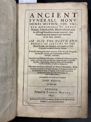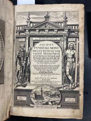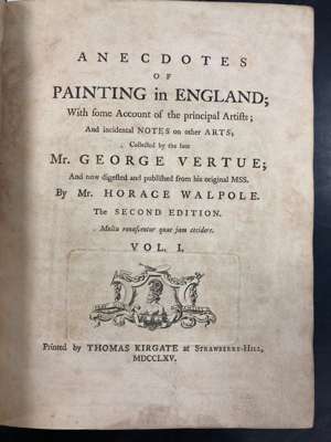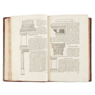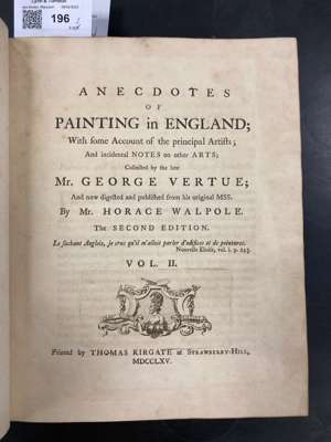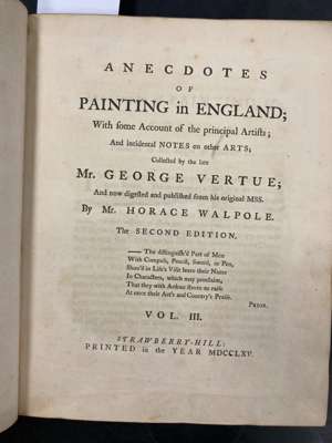 Cum notis ... Guilielmi Philandri ... Danielis Barbari ... Claudii Salmasii ... Praemittuntur Elementa architecturae ... ab ... Henrico Wottono ... Accedunt Lexicon Vitruvianum Bernardini Baldi ... et Eiusdem Scamilli Impares Vitruviani. De pictura ... Leonis Bapistae de Albertis. De Sculptura ... Pomponii Gaurici ... Ludovici Demontiosii Commentarius de Sculptura et Pictura ... Omnia in unum collecta, digesta et illustrata a Joanne de Laet. Leiden: apud Ludovicum Elzevirium, 1649. Folio (30.9 x 19.5cm), contemporary English panelled calf, rebacked, [8] 30 [2] 252 [30] 253-272 164 69 [3] pp., engraved allegorical title-page, numerous woodcuts in the text, repairs to corners of boards, endpapers renewed, small faint stain to first few leaves [Cicognara 726; Willems 1097]. Together with 2 others (John Weever, Ancient Funerall Monuments, 1631, first edition, folio, contemporary calf, engraved frontispiece and additional architectonic title-page, woodcuts in text, several full-page, bound without index, frontispiece laid down, closed tear in A4, marginal repair to 2A3; and Horace Walpole, Anecdotes of Painting in England, Strawberry Hill Press, 1765, second edition, volume 1-3 of 4, volume 4 published later, in 1771, 4to, contemporary calf, engraved plates)
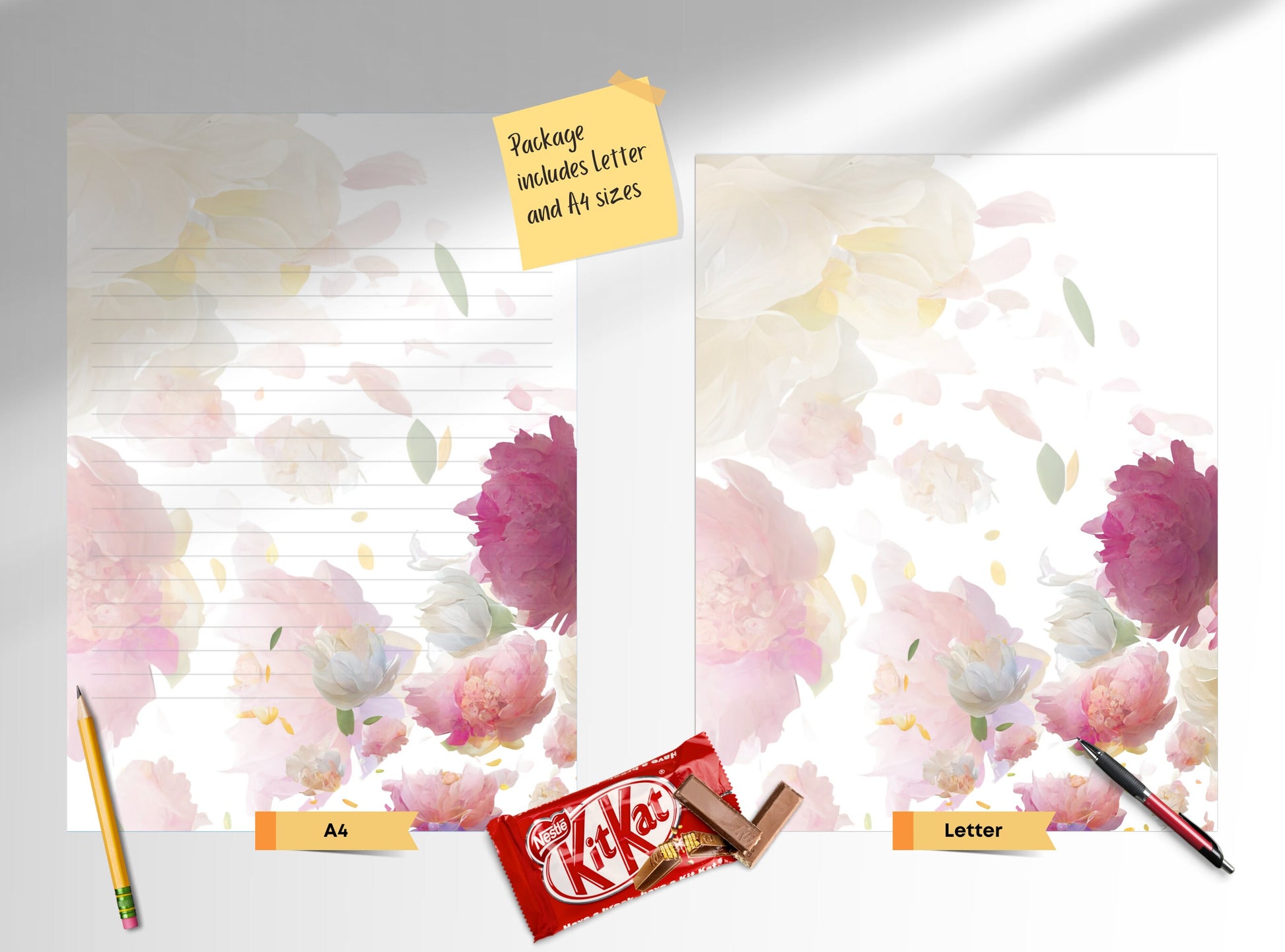 Peonies Flowers Printable Stationery Paper - Pretty Florals, Journal Paper, Letter, Note, Lined Paper, Digital Letter, GoodNotes | Peony
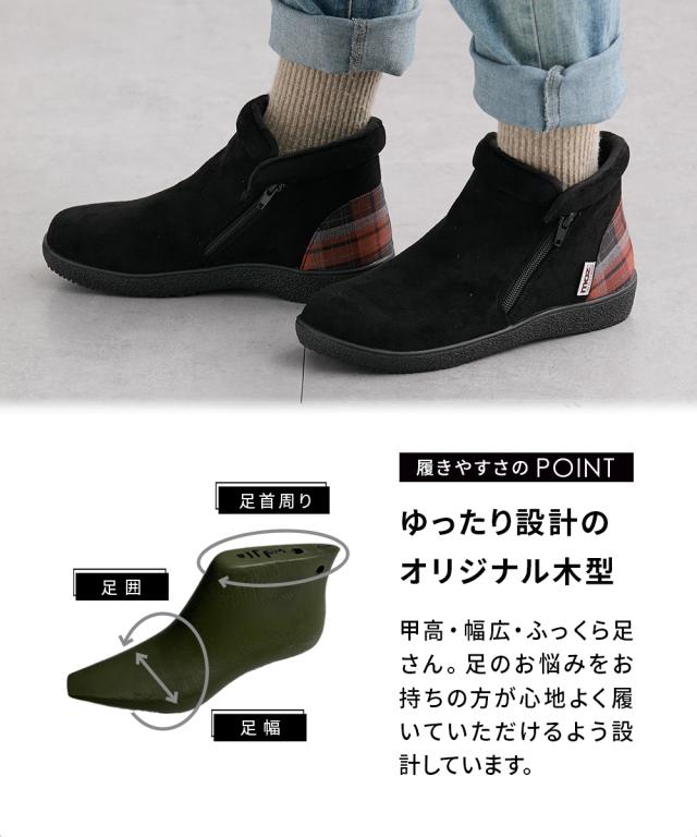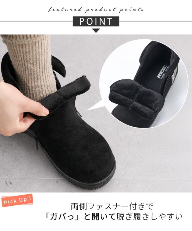 材質=合成繊維(スエード調)・合成繊維 底材=合成底 底の厚さ(後ろ)=約3cm ワイズ=4E 重量=約210g(4E:Lサイズ片足) ※生産時期や素材などによって多少個体差があります。 内側ファスナー開き ※中敷きは取り外して自然乾燥できます。 原産国:中国製 備考:単位(cm) ※製造段階で個体差が生じます。参考程度にお考えください。
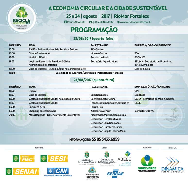 O símbolo da reciclagem é formado por três setas, fazendo referência a um ciclo: a primeira seta representa a indústria, que fabrica um produto; a segunda faz menção ao consumidor, que consome este produto; a terceira seta representa o retorno do produto ao ciclo produtivo, revalorizado por meio da reciclagem. Esse deveria ser o ciclo natural de todo produto, mas ainda está longe de ser uma grande realidade. Atualmente, 250 mil toneladas de lixo são produzidos no Brasil, mas dos 30% que poderiam ser reaproveitados desse material, apenas 3% são destinados à reciclagem, o que representa uma grande perda, já que R$ 200 milhões poderiam ser gerados com o aumento da reciclagem de resíduos somente no estado do Ceará, segundo o Sindicato das Empresas de Reciclagem de Resíduos Sólidos Domésticos e Industriais no Estado Do Ceará - SINDIVERDE-CE. Visando mostrar essa realidade e as oportunidades de negócio que giram em torno dela, a Dinâmica Feiras e Eventos e o SINDIVERDE-CE realizam a 7ª edição da Feira Recicla Nordeste - Feira da Reciclagem, Sustentabilidade e Meio Ambiente nos dias 23 e 24 de agosto, no Shopping RioMar Fortaleza (R. Des. Lauro Nogueira, 1500 - Papicu). O acesso ao evento é gratuito e são esperados cerca de 2 mil visitantes.

=====

### What the task requires
Everything from the line that contains "材質=合成繊維(スエード調)・合成繊維 底材=合成底 底の厚さ(後ろ)=約3cm" through the final line of the material should be returned exactly, except the pictures.

### Output
 材質=合成繊維(スエード調)・合成繊維 底材=合成底 底の厚さ(後ろ)=約3cm ワイズ=4E 重量=約210g(4E:Lサイズ片足) ※生産時期や素材などによって多少個体差があります。 内側ファスナー開き ※中敷きは取り外して自然乾燥できます。 原産国:中国製 備考:単位(cm) ※製造段階で個体差が生じます。参考程度にお考えください。
 O símbolo da reciclagem é formado por três setas, fazendo referência a um ciclo: a primeira seta representa a indústria, que fabrica um produto; a segunda faz menção ao consumidor, que consome este produto; a terceira seta representa o retorno do produto ao ciclo produtivo, revalorizado por meio da reciclagem. Esse deveria ser o ciclo natural de todo produto, mas ainda está longe de ser uma grande realidade. Atualmente, 250 mil toneladas de lixo são produzidos no Brasil, mas dos 30% que poderiam ser reaproveitados desse material, apenas 3% são destinados à reciclagem, o que representa uma grande perda, já que R$ 200 milhões poderiam ser gerados com o aumento da reciclagem de resíduos somente no estado do Ceará, segundo o Sindicato das Empresas de Reciclagem de Resíduos Sólidos Domésticos e Industriais no Estado Do Ceará - SINDIVERDE-CE. Visando mostrar essa realidade e as oportunidades de negócio que giram em torno dela, a Dinâmica Feiras e Eventos e o SINDIVERDE-CE realizam a 7ª edição da Feira Recicla Nordeste - Feira da Reciclagem, Sustentabilidade e Meio Ambiente nos dias 23 e 24 de agosto, no Shopping RioMar Fortaleza (R. Des. Lauro Nogueira, 1500 - Papicu). O acesso ao evento é gratuito e são esperados cerca de 2 mil visitantes.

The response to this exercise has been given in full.